--- START ---

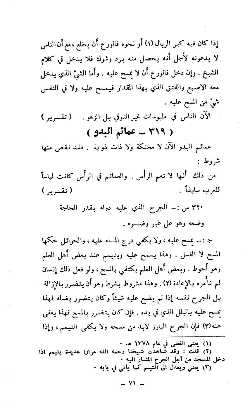 320 س: - الجرح الذي عليه دواء يقدر الحاجة
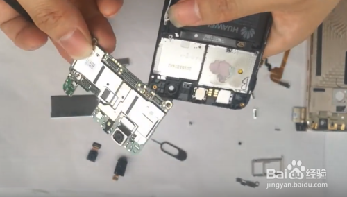用手指拨开主板,即可更换电池、前置摄像头、后置摄像头和其他原件
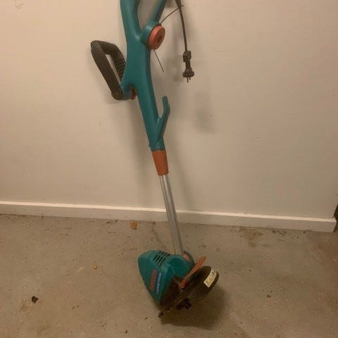 Bosch elektrisk græstrimmer med ledning, designet til trimning af græs og kanter i haven. Udstyret med et håndtag og justerbar skaftlængde for komfortabel brug.
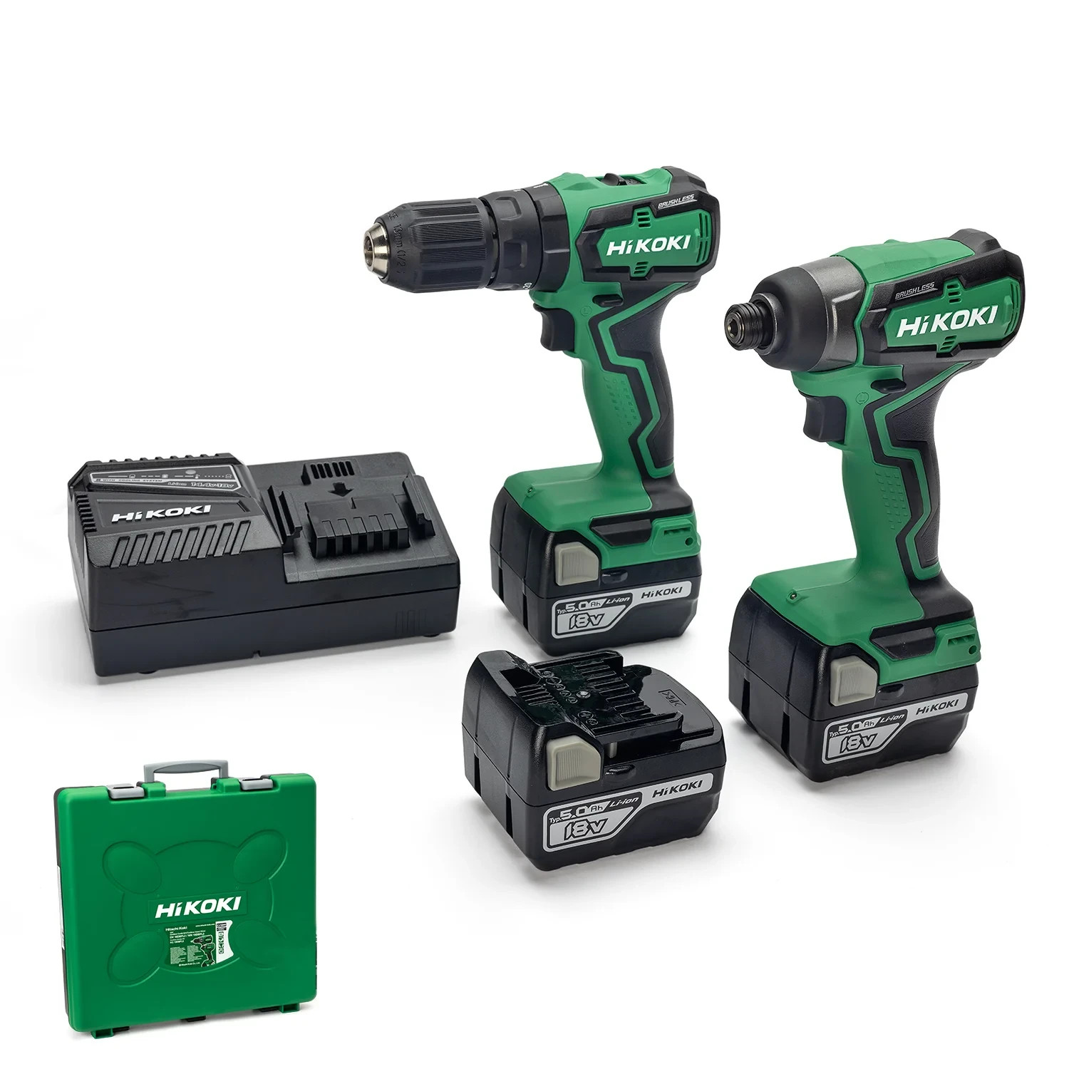 HiKOKI KC18DEJAZ Cordless brushless Combo kit (Combi Drill, Impact Driver, Charger, 2 x 18v 5.0Ah Batteries in a case)
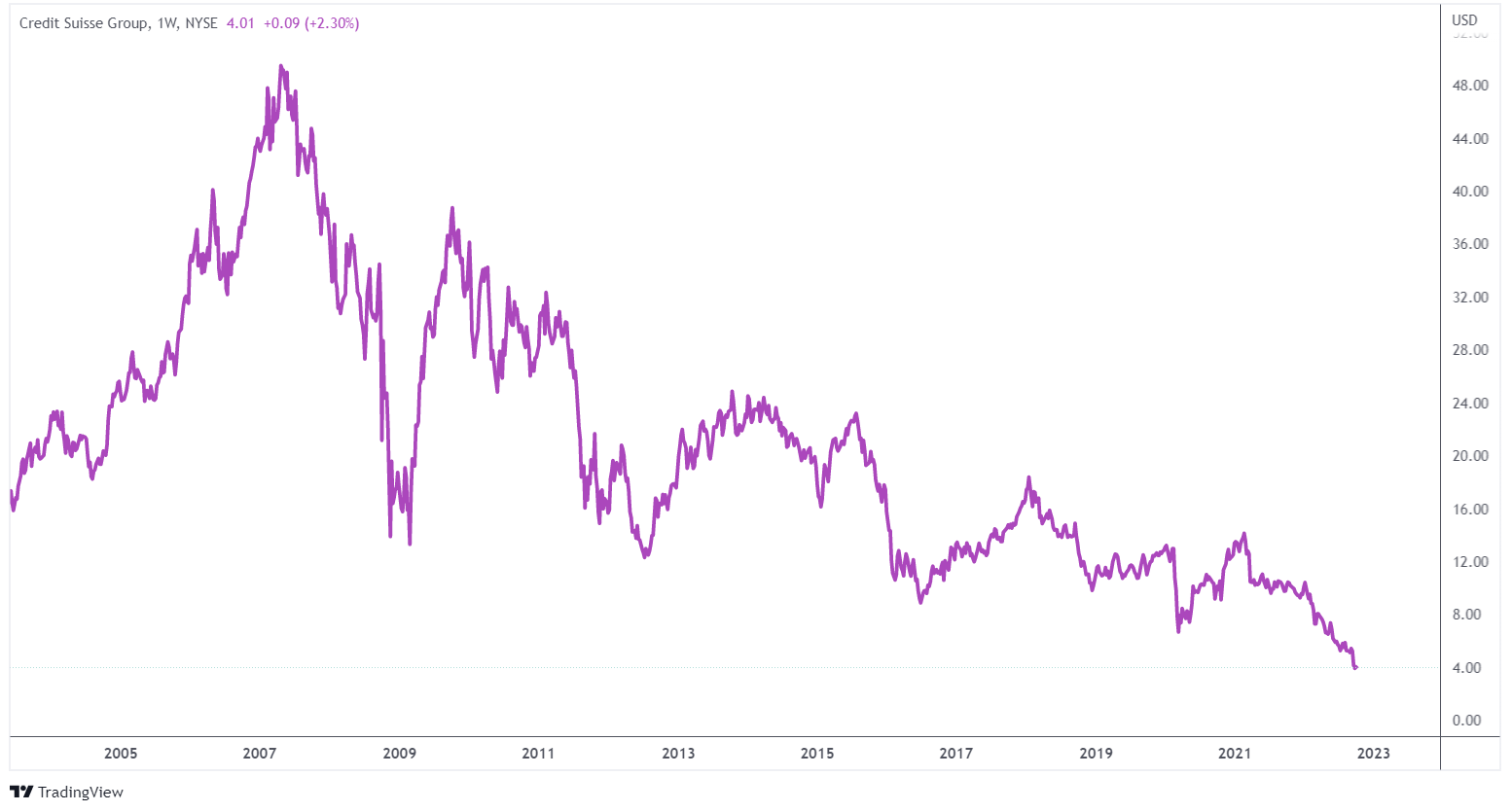 La capitalizzazione di mercato di Credit Suisse è scesa a circa 9,5 miliardi di franchi svizzeri, il che significa che qualsiasi vendita di azioni sarebbe altamente diluitiva per gli azionisti. Il valore di mercato era superiore a 30 miliardi di franchi fino a marzo 2021.
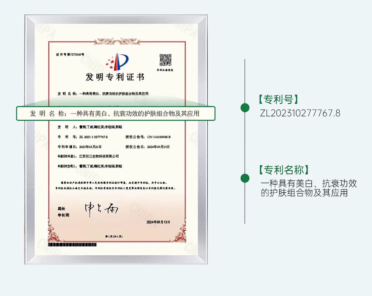 行业首获美白「特证+专利」双备案(国妆特字 20252831;专利号 ZL 2023 10277767.8)。
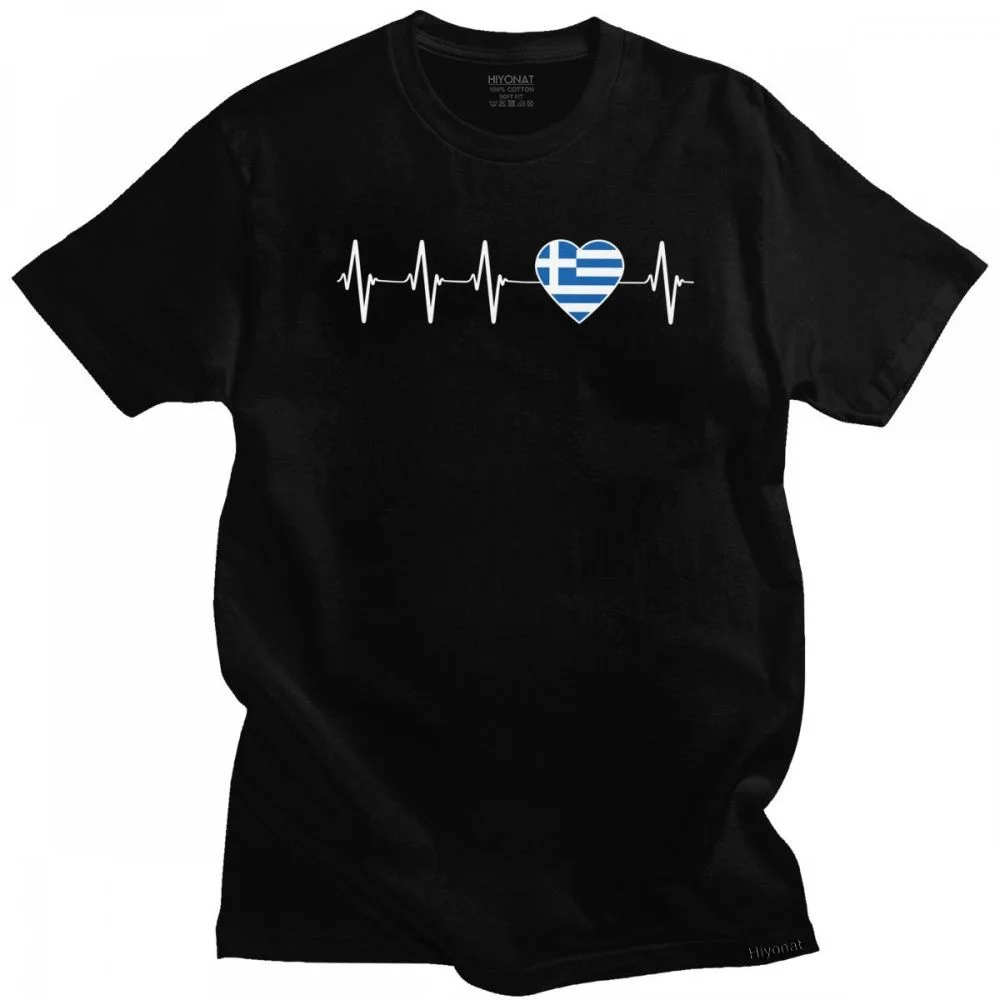 Футболка мужская хлопковая с коротким рукавом, топ с рисунком греческого патриотического флага и сердцебиения, с круглым вырезом, уличная одежда
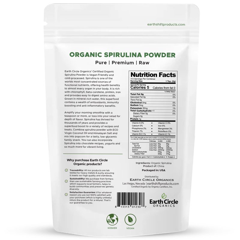 - ✅Spirulina is an all-around Superfood, with a unique flavor and deep green color. Spirulina is a blue-green algae cultivated in clean fresh water and natural sunlight. Amplify your morning smoothie with a teaspoon or more, or toss into your salad for depth of flavor. Spirulina has thrived for thousands of years and provides a Superfood boost to a variety of recipes and treats. Add and enjoy nourishment to family recipes with ECO’s Spirulina Powder.
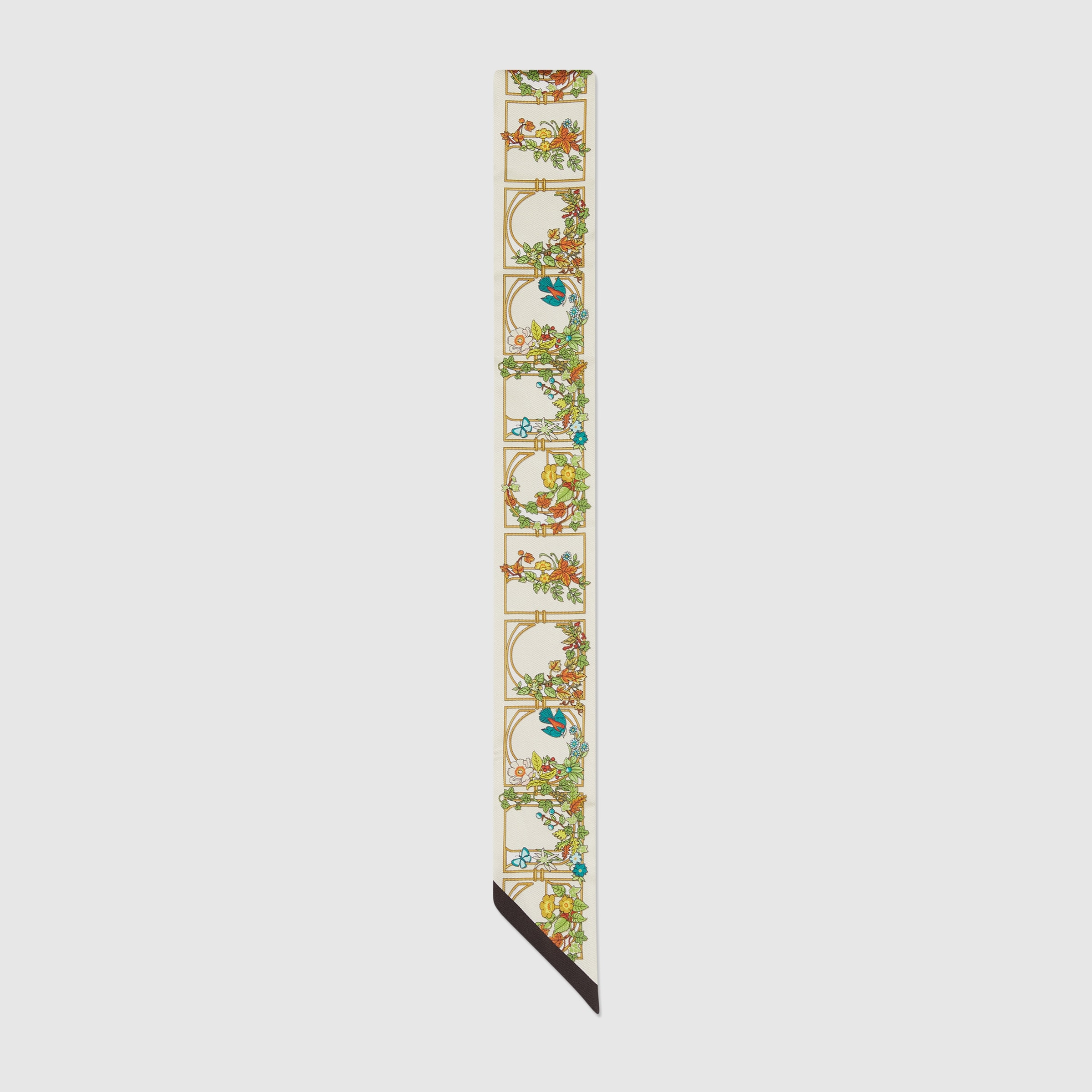 The House's heritage motifs shine through eye-catching new prints. Here, this neck bow features an animal and floral print, demonstrating Gucci's design inspirations from the natural world. - Multicolor Gucci animal and floral print ivory silk twill on one side - Beige and ebony GG print on the other side - 2"W x 33.9"L - Made in Italy
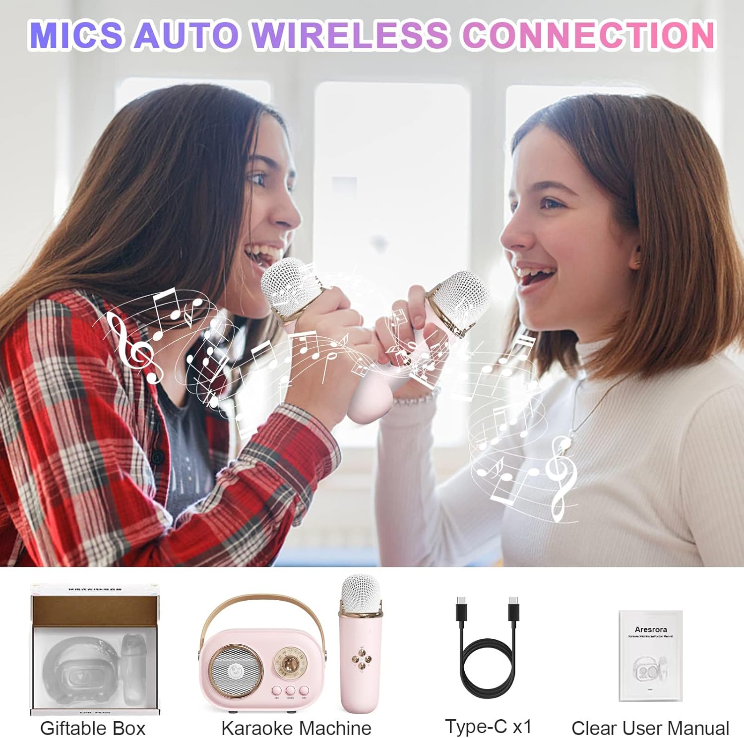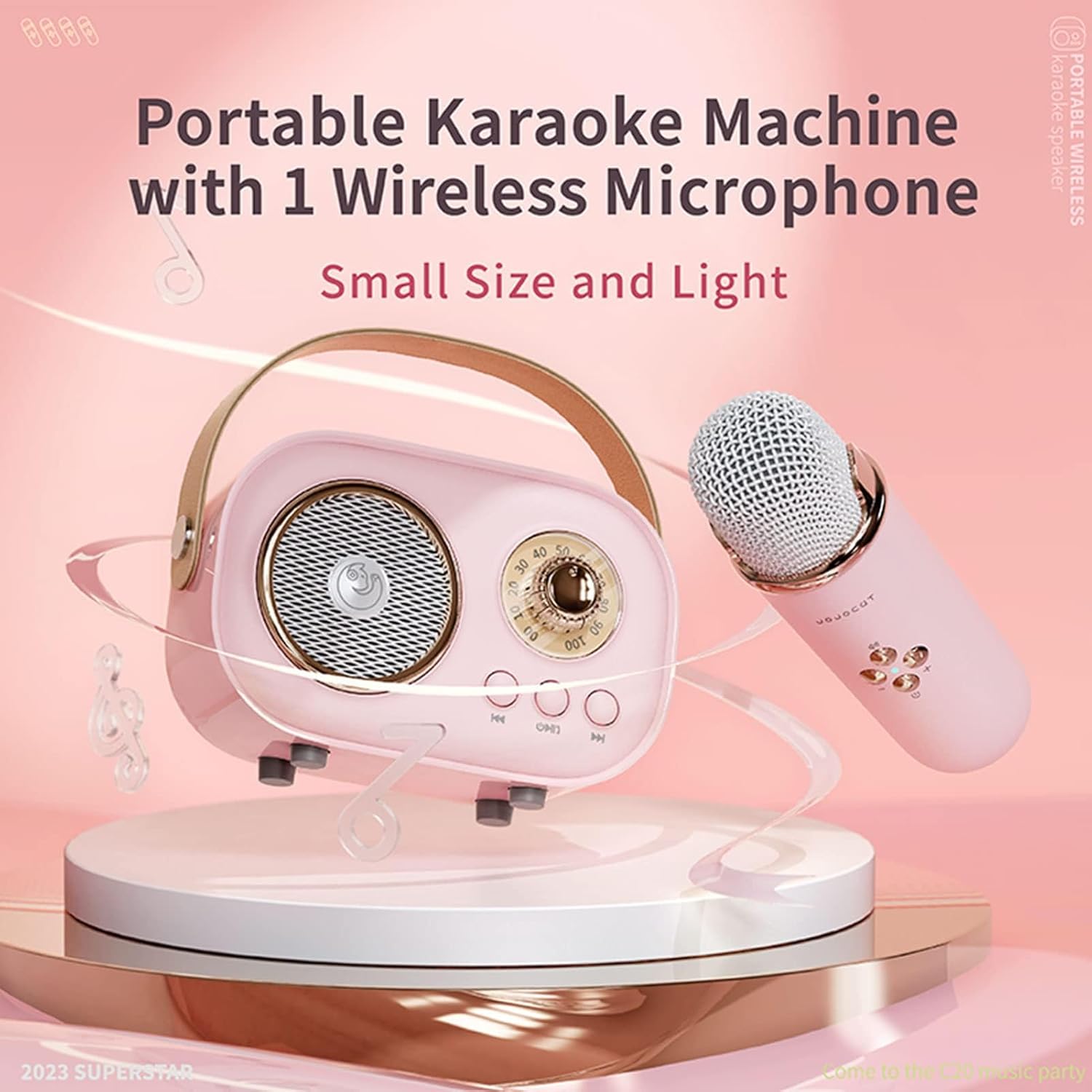 - Pick up this cute karaoke machine and wireless microphone,enjoy your moving party,packed into a pop star surprise in its karaoke prime.This petite-sized karaoke set allows you to easily bring over to your family and friends house for a fun night belting out anything.

--- END ---

** Brief **
Return each line of the data, keeping its wording exact and omitting pictures.

** Task answer **
 320 س: - الجرح الذي عليه دواء يقدر الحاجة
用手指拨开主板,即可更换电池、前置摄像头、后置摄像头和其他原件
 Bosch elektrisk græstrimmer med ledning, designet til trimning af græs og kanter i haven. Udstyret med et håndtag og justerbar skaftlængde for komfortabel brug.
 HiKOKI KC18DEJAZ Cordless brushless Combo kit (Combi Drill, Impact Driver, Charger, 2 x 18v 5.0Ah Batteries in a case)
 La capitalizzazione di mercato di Credit Suisse è scesa a circa 9,5 miliardi di franchi svizzeri, il che significa che qualsiasi vendita di azioni sarebbe altamente diluitiva per gli azionisti. Il valore di mercato era superiore a 30 miliardi di franchi fino a marzo 2021.
 行业首获美白「特证+专利」双备案(国妆特字 20252831;专利号 ZL 2023 10277767.8)。
 Футболка мужская хлопковая с коротким рукавом, топ с рисунком греческого патриотического флага и сердцебиения, с круглым вырезом, уличная одежда
 - ✅Spirulina is an all-around Superfood, with a unique flavor and deep green color. Spirulina is a blue-green algae cultivated in clean fresh water and natural sunlight. Amplify your morning smoothie with a teaspoon or more, or toss into your salad for depth of flavor. Spirulina has thrived for thousands of years and provides a Superfood boost to a variety of recipes and treats. Add and enjoy nourishment to family recipes with ECO’s Spirulina Powder.
 The House's heritage motifs shine through eye-catching new prints. Here, this neck bow features an animal and floral print, demonstrating Gucci's design inspirations from the natural world. - Multicolor Gucci animal and floral print ivory silk twill on one side - Beige and ebony GG print on the other side - 2"W x 33.9"L - Made in Italy
 - Pick up this cute karaoke machine and wireless microphone,enjoy your moving party,packed into a pop star surprise in its karaoke prime.This petite-sized karaoke set allows you to easily bring over to your family and friends house for a fun night belting out anything.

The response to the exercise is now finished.